# Dragon Mage vs. 13 Dragon Princes



## reubiedoo (Mar 21, 2009)

That is for 390 points.

Knocked together a list which was basically Prince on Star Dragon, vambraces, AoC etc, Dragon Mage w/ 2 dispell scrolls, 3x 5 DP, 2x 10 Archers, 2 RBT, 2 Eagles. I planned to fly via cover right up the board and smash the two dragons into something tasty front and flank. DPs and eagles should make mischief. But doing the maths, I figure 13 more DP is the better option - even if they can't fly.

Opinions sought.


----------



## CoNnZ (Mar 28, 2009)

The dragon princes would be better. The trouble with dragon mages is that when they hit combat your opponent can just target the mage and with T3 and 2 wounds he isn't going to last long. The DP will last longer and you could try going for the banner that lets them move through cover to make them extremely mobile.


----------



## reubiedoo (Mar 21, 2009)

Nice idea thnks!


----------



## Fen-Dweller (Sep 25, 2009)

If this list is for 2k, you can't take any more heroes.
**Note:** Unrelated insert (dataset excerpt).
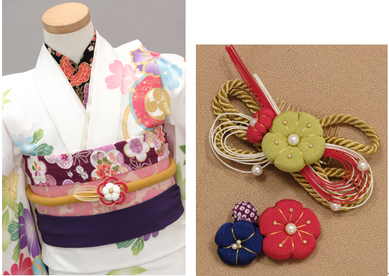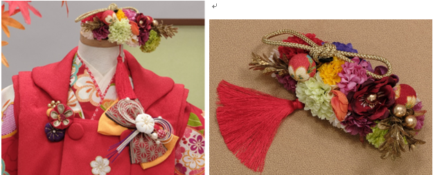 大きな髪飾りで華やかさを一気に出します。被布には水引のリボンをつけることによって小物等の統一感を出します♪
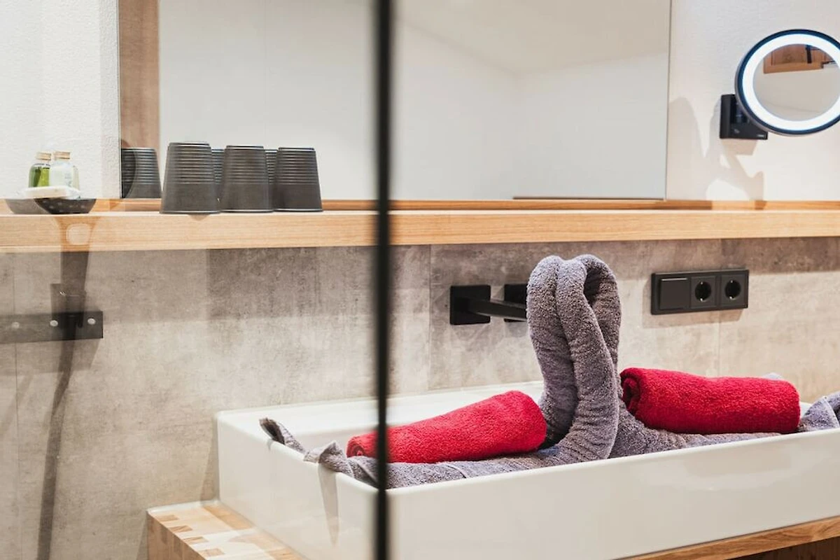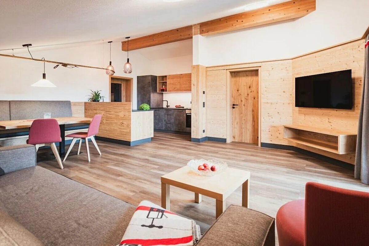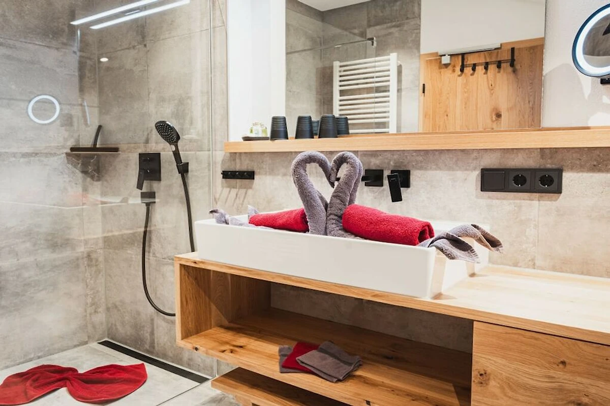 Affittiamo un appartamento per le vacanze con una cucina-soggiorno completamente attrezzata (frigorifero con congelatore, forno, piano cottura in vetroceramica, lavastoviglie, macchina da caffè completamente automatica, tostapane, cuociuova, frullatore, bilancia da cucina, carta da forno, sale, pepe e pastiglie per lavastoviglie). Dispone di una confortevole zona soggiorno con TV a schermo piatto e accesso a un ampio balcone. I nostri letti Edelweiss sono dotati di materassi di diversa rigidità, reti a doghe regolabili e cassaforte. La TV satellitare è disponibile anche nelle camere da letto. I nostri bagni sono dotati di specchio cosmetico, asciugacapelli, carta igienica e sgabello per bambini.

I'd say drop the original Dragon Mage for two Mages on foot (to put in the Archers, for example), and then add the additional DPs. One mage alone isn't going to get his spells off at this level of points.

Good luck!


----------



## Barnster (Feb 11, 2010)

Dragon mages are best used in low point matches where the dragon is really scary. If your taking the star lord go for the foot mages and cavalry


----------